- [Items from a data source]:
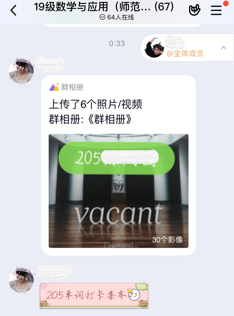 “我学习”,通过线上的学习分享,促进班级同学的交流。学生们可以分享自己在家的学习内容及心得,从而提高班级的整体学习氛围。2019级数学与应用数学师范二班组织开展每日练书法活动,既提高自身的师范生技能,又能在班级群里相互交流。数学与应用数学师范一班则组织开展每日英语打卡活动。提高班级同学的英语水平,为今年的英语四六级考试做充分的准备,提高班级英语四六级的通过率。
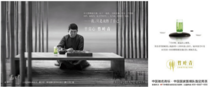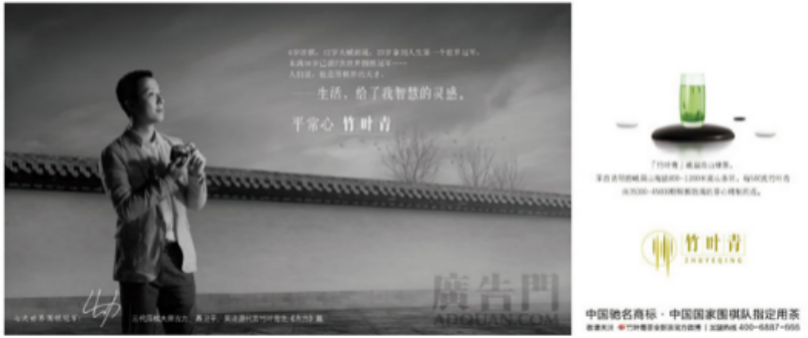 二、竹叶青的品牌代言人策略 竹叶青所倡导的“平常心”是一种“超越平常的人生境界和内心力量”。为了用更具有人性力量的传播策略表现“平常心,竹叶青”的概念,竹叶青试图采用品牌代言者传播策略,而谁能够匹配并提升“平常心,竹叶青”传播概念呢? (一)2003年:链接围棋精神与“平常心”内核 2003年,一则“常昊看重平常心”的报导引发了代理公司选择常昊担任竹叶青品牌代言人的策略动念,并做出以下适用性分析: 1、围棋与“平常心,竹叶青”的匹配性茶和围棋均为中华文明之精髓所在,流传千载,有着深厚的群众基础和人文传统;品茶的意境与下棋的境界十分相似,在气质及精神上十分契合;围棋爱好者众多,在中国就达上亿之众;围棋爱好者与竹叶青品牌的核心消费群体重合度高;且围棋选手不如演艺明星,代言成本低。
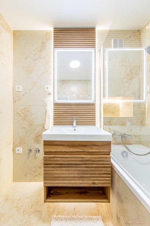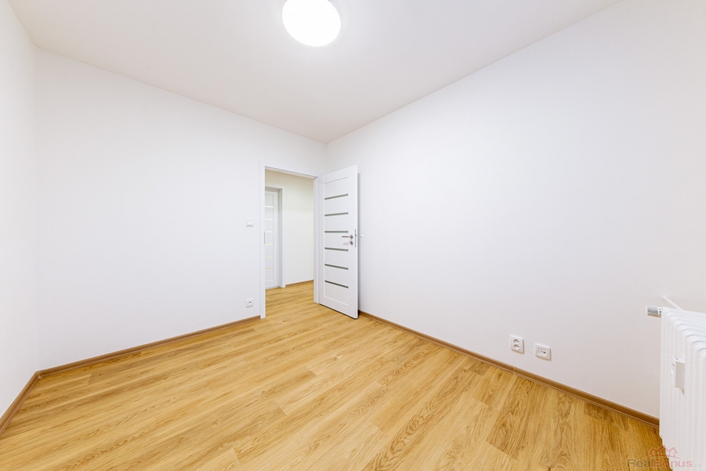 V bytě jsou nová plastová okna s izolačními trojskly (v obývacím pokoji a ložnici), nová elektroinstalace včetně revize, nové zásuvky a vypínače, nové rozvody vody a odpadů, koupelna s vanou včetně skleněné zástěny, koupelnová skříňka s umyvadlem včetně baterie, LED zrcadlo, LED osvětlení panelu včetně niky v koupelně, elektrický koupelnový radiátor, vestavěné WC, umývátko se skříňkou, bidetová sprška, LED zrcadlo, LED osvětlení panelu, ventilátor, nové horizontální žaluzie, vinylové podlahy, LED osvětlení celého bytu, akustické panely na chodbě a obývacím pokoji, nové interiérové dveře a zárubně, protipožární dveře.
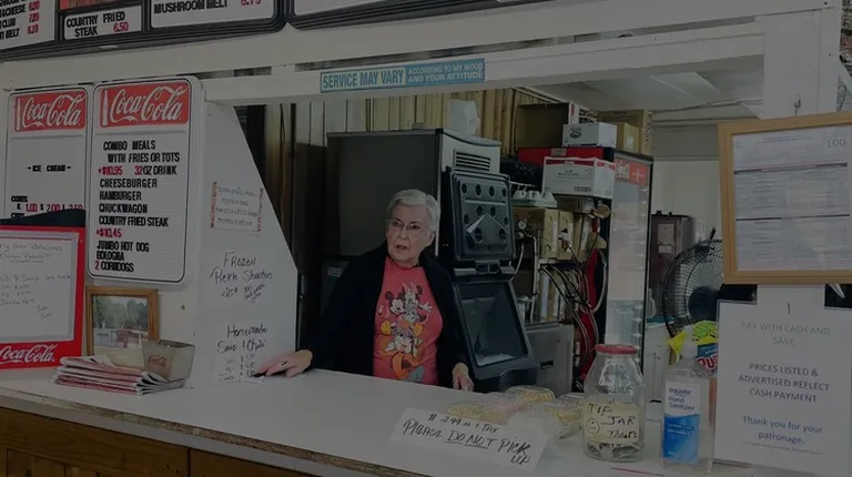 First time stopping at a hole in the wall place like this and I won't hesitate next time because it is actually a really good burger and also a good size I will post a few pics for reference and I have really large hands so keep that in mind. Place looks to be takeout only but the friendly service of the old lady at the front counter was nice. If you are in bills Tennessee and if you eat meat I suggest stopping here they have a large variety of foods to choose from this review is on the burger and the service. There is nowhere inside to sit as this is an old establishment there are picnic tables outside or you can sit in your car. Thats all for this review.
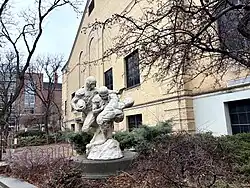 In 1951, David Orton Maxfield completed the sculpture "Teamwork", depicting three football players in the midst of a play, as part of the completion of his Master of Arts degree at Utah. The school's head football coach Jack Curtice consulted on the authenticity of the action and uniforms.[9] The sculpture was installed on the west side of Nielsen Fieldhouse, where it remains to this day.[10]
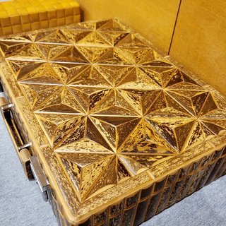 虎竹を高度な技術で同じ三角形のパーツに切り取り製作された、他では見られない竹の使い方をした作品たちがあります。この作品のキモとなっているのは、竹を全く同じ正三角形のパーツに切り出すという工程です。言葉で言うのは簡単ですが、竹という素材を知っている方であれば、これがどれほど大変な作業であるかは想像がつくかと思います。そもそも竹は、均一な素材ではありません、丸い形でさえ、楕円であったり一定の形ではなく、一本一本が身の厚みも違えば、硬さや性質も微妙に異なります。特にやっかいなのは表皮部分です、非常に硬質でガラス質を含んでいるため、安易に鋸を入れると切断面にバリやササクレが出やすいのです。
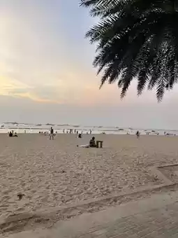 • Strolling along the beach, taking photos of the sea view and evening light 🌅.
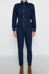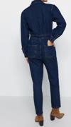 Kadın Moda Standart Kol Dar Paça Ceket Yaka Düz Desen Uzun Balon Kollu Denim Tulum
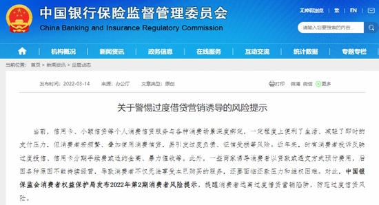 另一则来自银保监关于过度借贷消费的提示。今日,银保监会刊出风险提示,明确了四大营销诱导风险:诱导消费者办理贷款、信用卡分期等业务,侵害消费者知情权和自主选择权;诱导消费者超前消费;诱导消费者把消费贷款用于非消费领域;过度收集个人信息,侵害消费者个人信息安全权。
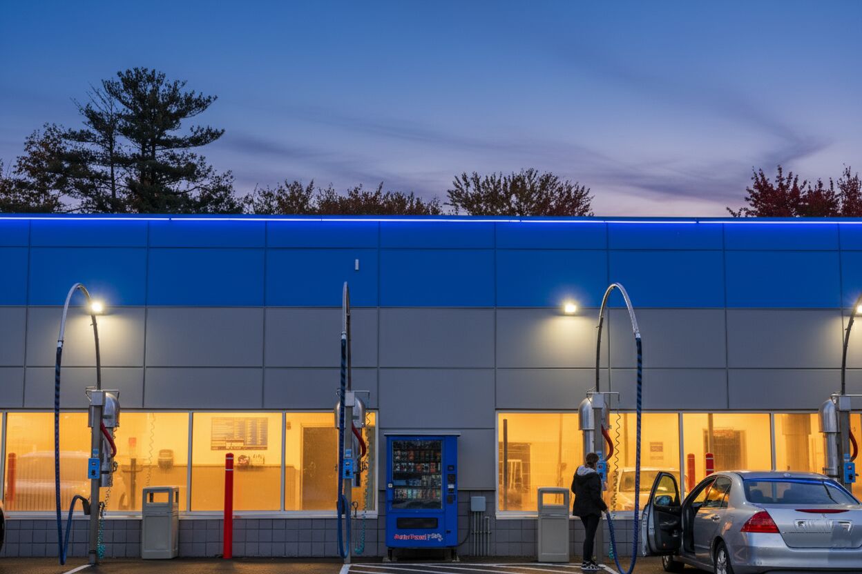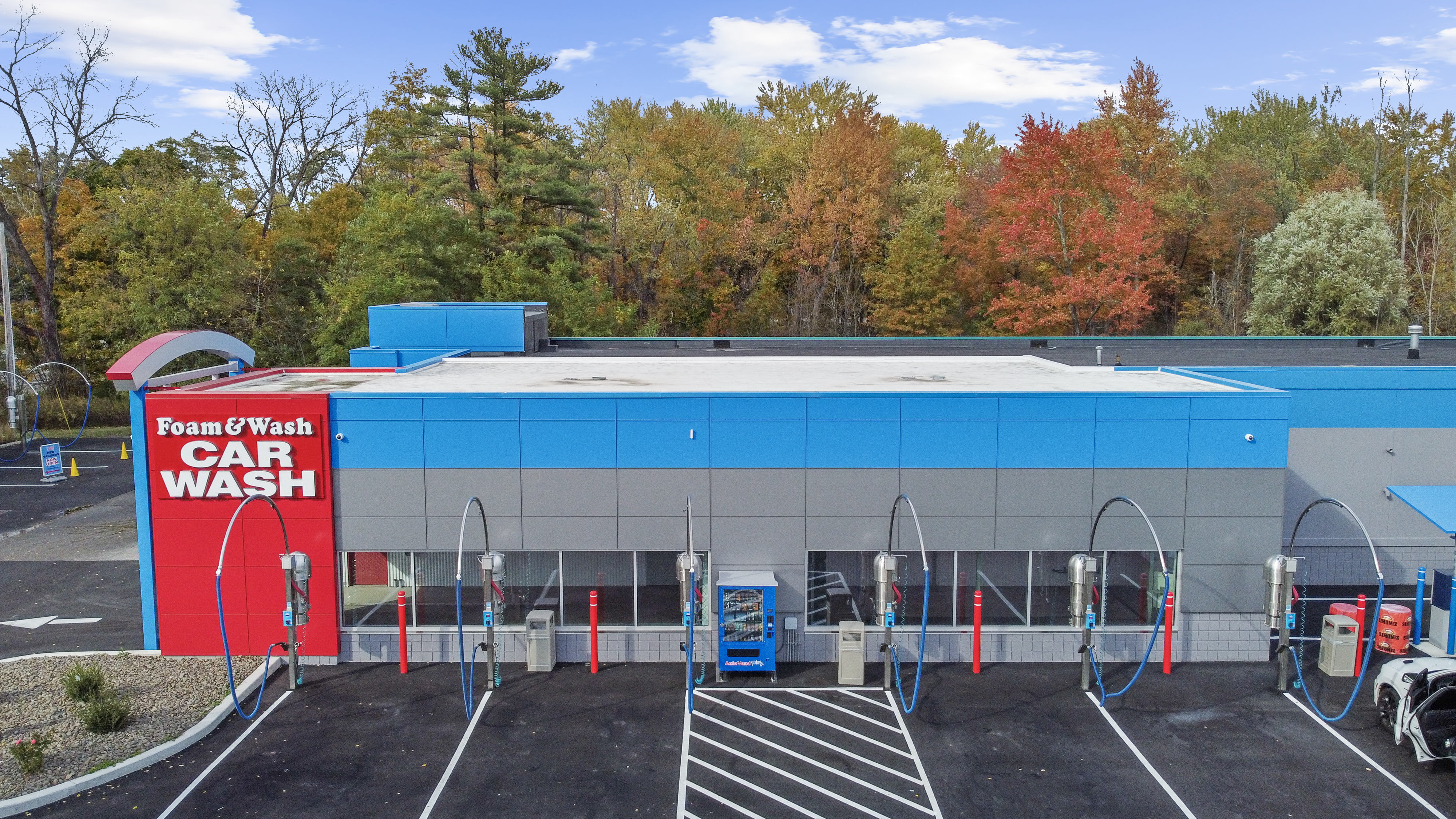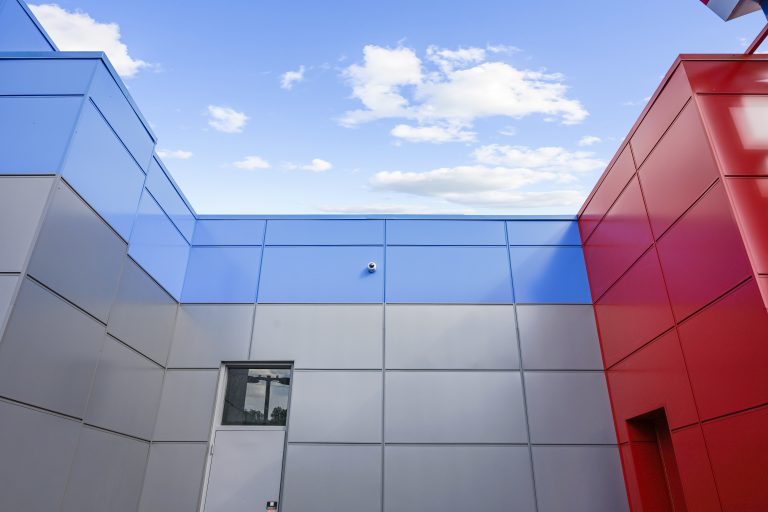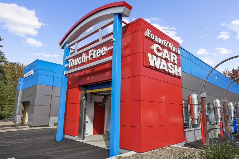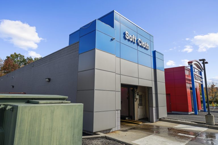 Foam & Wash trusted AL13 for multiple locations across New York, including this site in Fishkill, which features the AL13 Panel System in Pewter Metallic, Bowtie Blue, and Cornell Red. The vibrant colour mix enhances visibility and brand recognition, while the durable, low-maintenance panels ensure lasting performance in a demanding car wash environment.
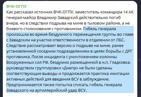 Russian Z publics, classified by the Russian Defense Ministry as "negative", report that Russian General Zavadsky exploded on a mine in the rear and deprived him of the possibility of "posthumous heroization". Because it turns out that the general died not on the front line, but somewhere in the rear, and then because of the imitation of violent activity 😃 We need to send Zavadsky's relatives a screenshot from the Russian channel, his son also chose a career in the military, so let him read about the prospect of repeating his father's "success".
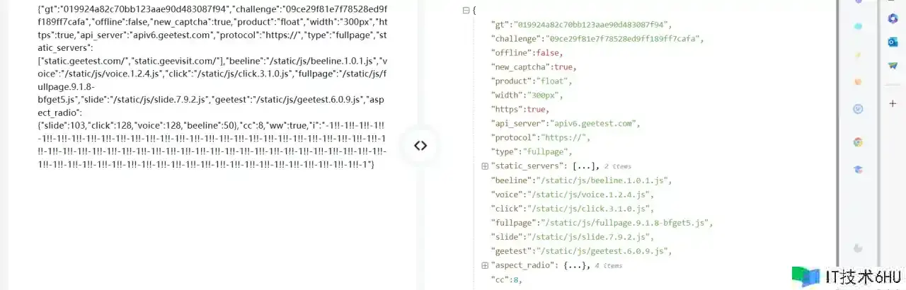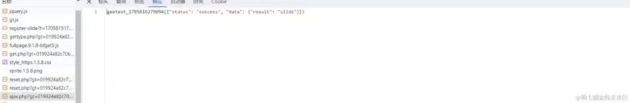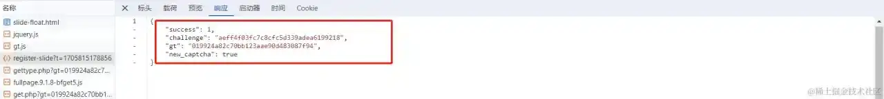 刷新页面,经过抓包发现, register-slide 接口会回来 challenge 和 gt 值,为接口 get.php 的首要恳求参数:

- [WHAT YOU SHOULD DO]:
Print out the entries once more, unchanged. No pictures.

- [RESPONSE BOX]:
 “我学习”,通过线上的学习分享,促进班级同学的交流。学生们可以分享自己在家的学习内容及心得,从而提高班级的整体学习氛围。2019级数学与应用数学师范二班组织开展每日练书法活动,既提高自身的师范生技能,又能在班级群里相互交流。数学与应用数学师范一班则组织开展每日英语打卡活动。提高班级同学的英语水平,为今年的英语四六级考试做充分的准备,提高班级英语四六级的通过率。
 二、竹叶青的品牌代言人策略 竹叶青所倡导的“平常心”是一种“超越平常的人生境界和内心力量”。为了用更具有人性力量的传播策略表现“平常心,竹叶青”的概念,竹叶青试图采用品牌代言者传播策略,而谁能够匹配并提升“平常心,竹叶青”传播概念呢? (一)2003年:链接围棋精神与“平常心”内核 2003年,一则“常昊看重平常心”的报导引发了代理公司选择常昊担任竹叶青品牌代言人的策略动念,并做出以下适用性分析: 1、围棋与“平常心,竹叶青”的匹配性茶和围棋均为中华文明之精髓所在,流传千载,有着深厚的群众基础和人文传统;品茶的意境与下棋的境界十分相似,在气质及精神上十分契合;围棋爱好者众多,在中国就达上亿之众;围棋爱好者与竹叶青品牌的核心消费群体重合度高;且围棋选手不如演艺明星,代言成本低。
 V bytě jsou nová plastová okna s izolačními trojskly (v obývacím pokoji a ložnici), nová elektroinstalace včetně revize, nové zásuvky a vypínače, nové rozvody vody a odpadů, koupelna s vanou včetně skleněné zástěny, koupelnová skříňka s umyvadlem včetně baterie, LED zrcadlo, LED osvětlení panelu včetně niky v koupelně, elektrický koupelnový radiátor, vestavěné WC, umývátko se skříňkou, bidetová sprška, LED zrcadlo, LED osvětlení panelu, ventilátor, nové horizontální žaluzie, vinylové podlahy, LED osvětlení celého bytu, akustické panely na chodbě a obývacím pokoji, nové interiérové dveře a zárubně, protipožární dveře.
 First time stopping at a hole in the wall place like this and I won't hesitate next time because it is actually a really good burger and also a good size I will post a few pics for reference and I have really large hands so keep that in mind. Place looks to be takeout only but the friendly service of the old lady at the front counter was nice. If you are in bills Tennessee and if you eat meat I suggest stopping here they have a large variety of foods to choose from this review is on the burger and the service. There is nowhere inside to sit as this is an old establishment there are picnic tables outside or you can sit in your car. Thats all for this review.
 In 1951, David Orton Maxfield completed the sculpture "Teamwork", depicting three football players in the midst of a play, as part of the completion of his Master of Arts degree at Utah. The school's head football coach Jack Curtice consulted on the authenticity of the action and uniforms.[9] The sculpture was installed on the west side of Nielsen Fieldhouse, where it remains to this day.[10]
 虎竹を高度な技術で同じ三角形のパーツに切り取り製作された、他では見られない竹の使い方をした作品たちがあります。この作品のキモとなっているのは、竹を全く同じ正三角形のパーツに切り出すという工程です。言葉で言うのは簡単ですが、竹という素材を知っている方であれば、これがどれほど大変な作業であるかは想像がつくかと思います。そもそも竹は、均一な素材ではありません、丸い形でさえ、楕円であったり一定の形ではなく、一本一本が身の厚みも違えば、硬さや性質も微妙に異なります。特にやっかいなのは表皮部分です、非常に硬質でガラス質を含んでいるため、安易に鋸を入れると切断面にバリやササクレが出やすいのです。
 • Strolling along the beach, taking photos of the sea view and evening light 🌅.
 Kadın Moda Standart Kol Dar Paça Ceket Yaka Düz Desen Uzun Balon Kollu Denim Tulum
 另一则来自银保监关于过度借贷消费的提示。今日,银保监会刊出风险提示,明确了四大营销诱导风险:诱导消费者办理贷款、信用卡分期等业务,侵害消费者知情权和自主选择权;诱导消费者超前消费;诱导消费者把消费贷款用于非消费领域;过度收集个人信息,侵害消费者个人信息安全权。
 Foam & Wash trusted AL13 for multiple locations across New York, including this site in Fishkill, which features the AL13 Panel System in Pewter Metallic, Bowtie Blue, and Cornell Red. The vibrant colour mix enhances visibility and brand recognition, while the durable, low-maintenance panels ensure lasting performance in a demanding car wash environment.
 Russian Z publics, classified by the Russian Defense Ministry as "negative", report that Russian General Zavadsky exploded on a mine in the rear and deprived him of the possibility of "posthumous heroization". Because it turns out that the general died not on the front line, but somewhere in the rear, and then because of the imitation of violent activity 😃 We need to send Zavadsky's relatives a screenshot from the Russian channel, his son also chose a career in the military, so let him read about the prospect of repeating his father's "success".
 刷新页面,经过抓包发现, register-slide 接口会回来 challenge 和 gt 值,为接口 get.php 的首要恳求参数:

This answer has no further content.